Mit einem heute beschlossenen Gesetzentwurf will der Bundesrat Änderungen beim gerichtlichen Kostenrecht erreichen. Zukünftig soll auch in zivilrechtlichen Berufungsverfahren eine Gebührenvorauszahlungspflicht eingeführt werden. Dies ist bisher nur in der ersten Instanz Voraussetzung für die Durchführung eines Gerichtsverfahrens. Mit der vorgeschlagenen Neuregelung wollen die Länder verhindern, dass die unterlegene Partei Berufung nur deshalb einlegt, um die Vollstreckung des erstinstanzlichen Urteils zu verhindern – ohne tatsächlich an der Überprüfung durch das Berufungsgericht interessiert zu sein. Ziel der Bundesratsinitiative ist es, die Belastung der öffentlichen Haushalte durch Zahlungsverzögerungen und Gebührenausfälle zu mindern. Für finanziell bedürftige Parteien sieht der Entwurf Sonderregelungen vor.
Außerdem will der Bundesrat verhindern, dass Parteien eines Gerichtsverfahrens durch Zahlung unbegrenzt hoher Zusatzhonorare Einfluss auf Sachverständige oder Dolmetscher nehmen können. Die Möglichkeit von Zuzahlungen durch Verfahrensbeteiligte besteht seit Ende des Jahres 2006 und soll nach dem Willen der Länder wieder aufgehoben werden. Sie sei ungerecht gegenüber finanzschwachen Parteien. Da Kontrollmechanismen fehlten, bestehe Missbrauchsgefahr, so der Bundesrat [mehr]
Drucksache 38/10 (Beschluss)
Dazugehöriger Gesetzesentwurf: Drucksache 86/07 „Entwurf eines Gesetzes zur Einführung einer Vorauszahlungsverpflichtung der Gebühren für das Berufungsverfahren in bürgerlichen Rechtsstreitigkeiten sowie zur Änderung des Justizvergütungs- und -entschädigungsgesetzes – 25 Seiten – [hier]
Ehrlich gesagt, verstehe ich den Gesetzesentwurf nicht so ganz.
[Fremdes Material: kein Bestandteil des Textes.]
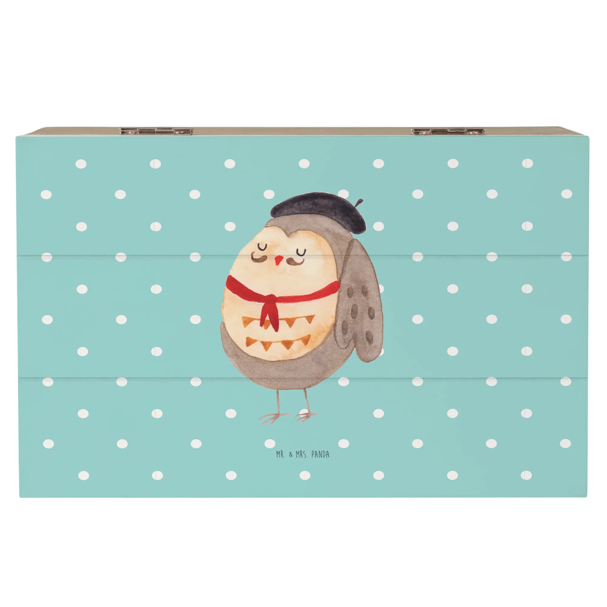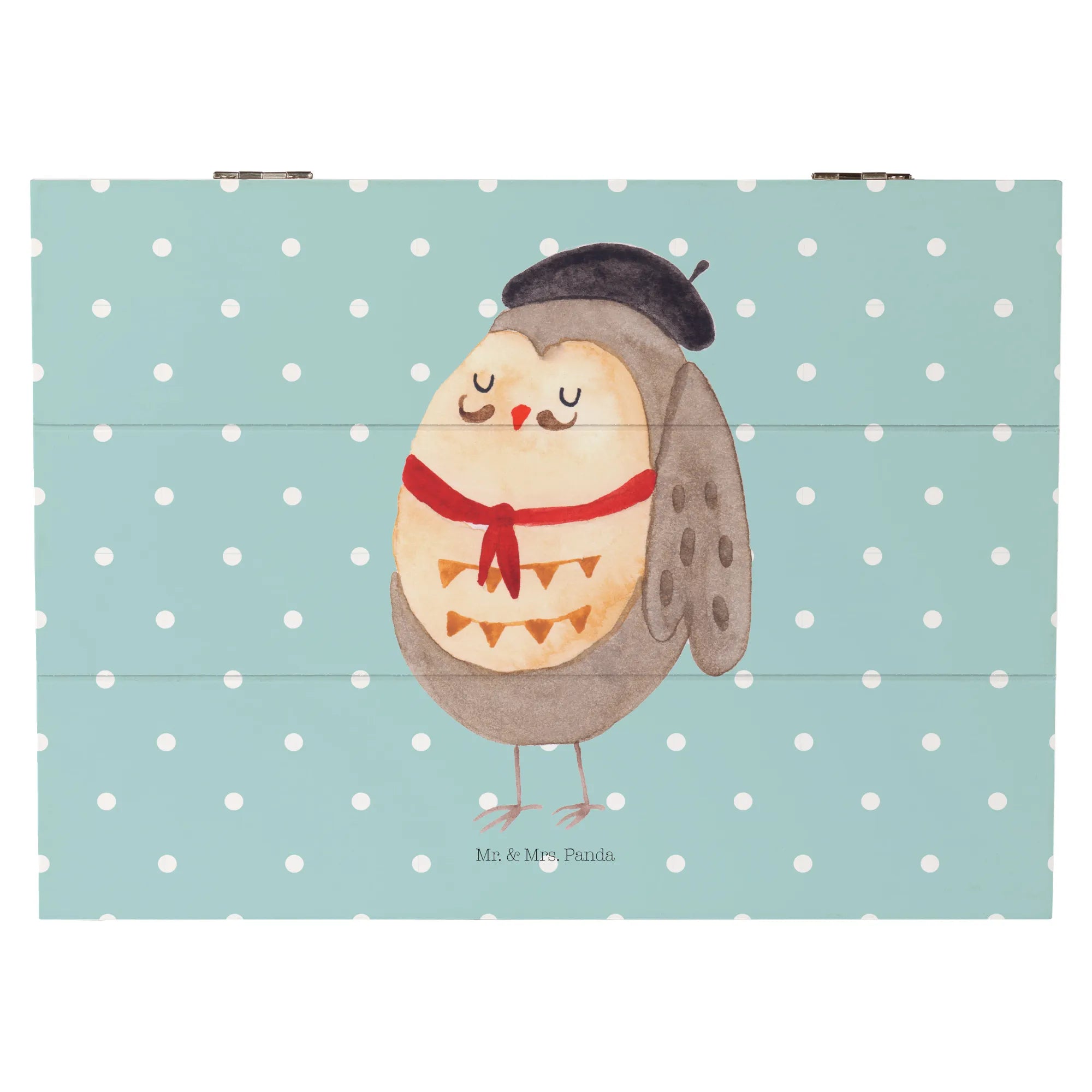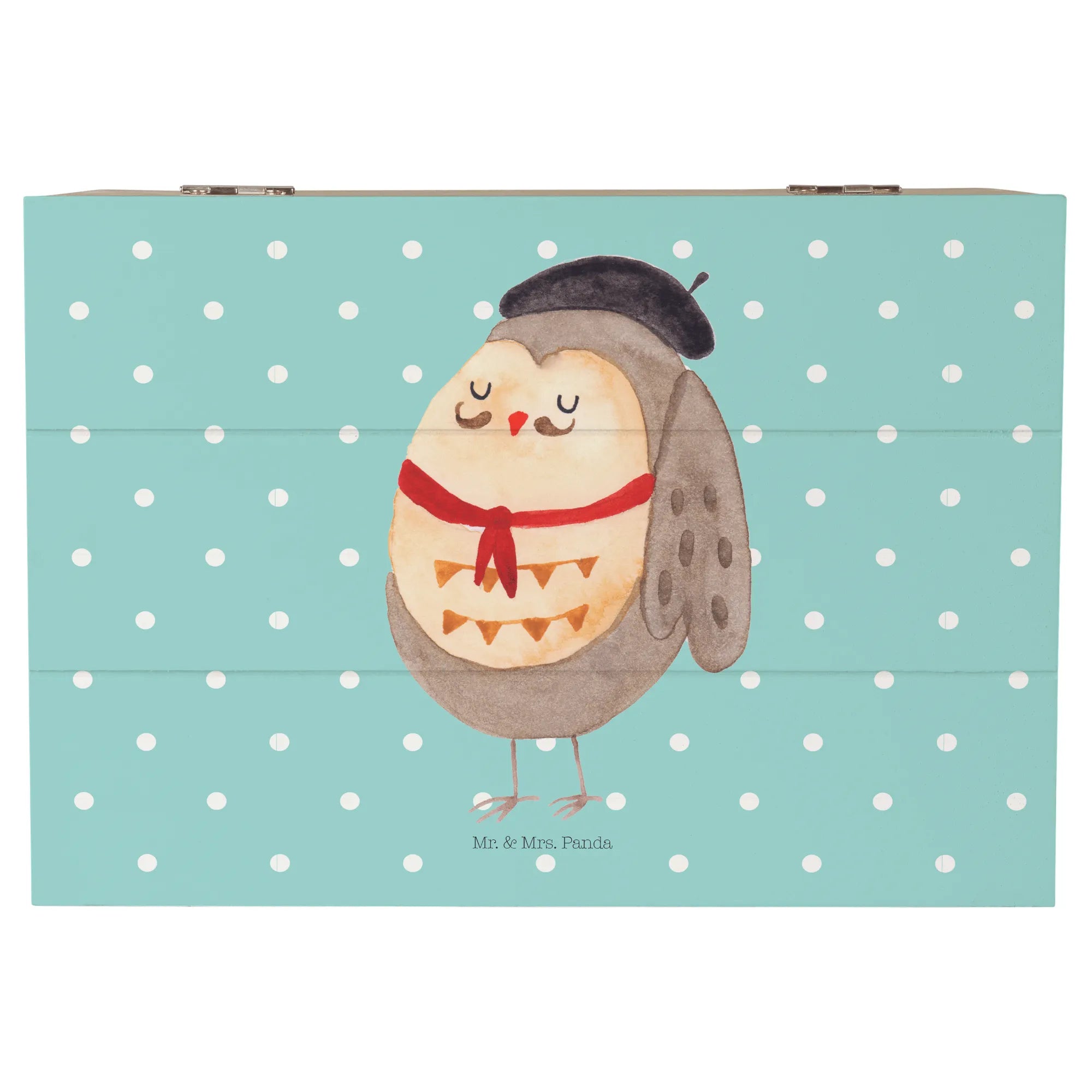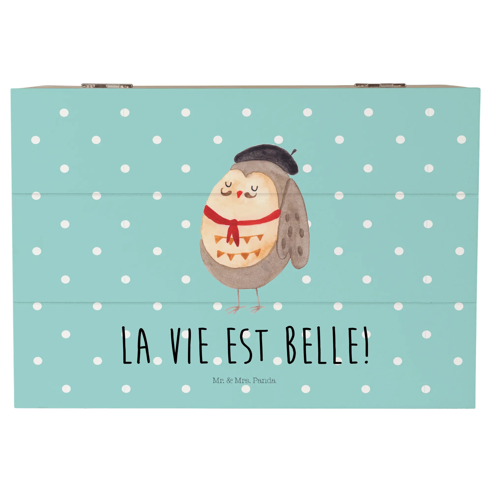 Skrzynia drewniana sowa Francja - 22 x 15 cm - z napisem - pastelowy turkus

Vorauszahlungen müssen bereits jetzt geleistet werden, aber zukünftig will man anscheinend erst einmal auf Grund des Streitwertes die kompletten Gebühren einziehen, auch wenn sich im Nachhinein feststellen sollte, das diese nicht gerechtfertigt sind. Da es im Gesetzesentwurf um Zivilprozesse geht und das Familienrecht darunter fällt, trifft dieses mal wieder besonders die Väter. Das Rechtsanwälte Gebühren gerne hochtreiben, ist ja bekannt. Schon jetzt ist es für viele Väter schwierig, eine Berufung auf Grund der selten vorhandenen, finanziellen Ressourcen einzuleiten. Nach meiner Auffassung wird das in Zukunft also noch schwieriger werden. Sollten meine Annahmen nicht stimmen, bitte ich um einen entsprechenden Kommentar. Vielleicht ist ja unter meinen Lesern ein Rechtskundiger, der ein bischen helfen kann.
Ich bin mir nicht sicher, ob die Änderungen für Scheidungsverfahren überhaupt Relevanz besitzen. In Familiensachen nach dem FamFG gibt es keine Berufung, sondern nur die Beschwerde. Da der Artikel und auch der verlinkte Beschluss des Bundesrates nur von der Berufung sprechen, gehe ich davon aus, dass die Änderungen für Familiensachen (Scheidung, Unterhalt ..) keine Relevanz besitzen.
Die Kosten für ein Gerichtsverfahren werden durch diese Gesetzesänderung nicht verändert. Und auf die Anwaltsgebühren hat die Änderung auch keine Auswirkungen.
Bisher war es so, dass in erster Instanz die Gerichtsgebühren bereits mit der Klageeinlegung – mit dem Antrag auf Scheidung bezahlt werden mussten.
In der Berufungsinstanz mussten die Gerichtskosten nicht im Voraus bezahlt werden, sondern erst nach dem Verfahren. Und zwar von der Partei, die im 2. Rechtszug unterlag.
Jetzt müssen die Kosten für die Berufungsinstanz auch bereits vor Einlegung der Berufung bezahlt werden. Wenn der Berufungskläger, also die Partei, die die Gerichtskosten im Voraus bezahlen musste, mit der Berufung Erfolg hat, bekommt sie diese Kosten später ersetzt. Der oder die Berufungsbeklagte muss diese Kosten dann nachzahlen.
Zusammenfassung: die Höhe der Kosten ändert sich nicht. Lediglich muss die Partei, die Berufung einlegt, die Gerichtskosten vorstrecken. Hat sie Erfolg, erhält sie die bezahlten Kosten zurück.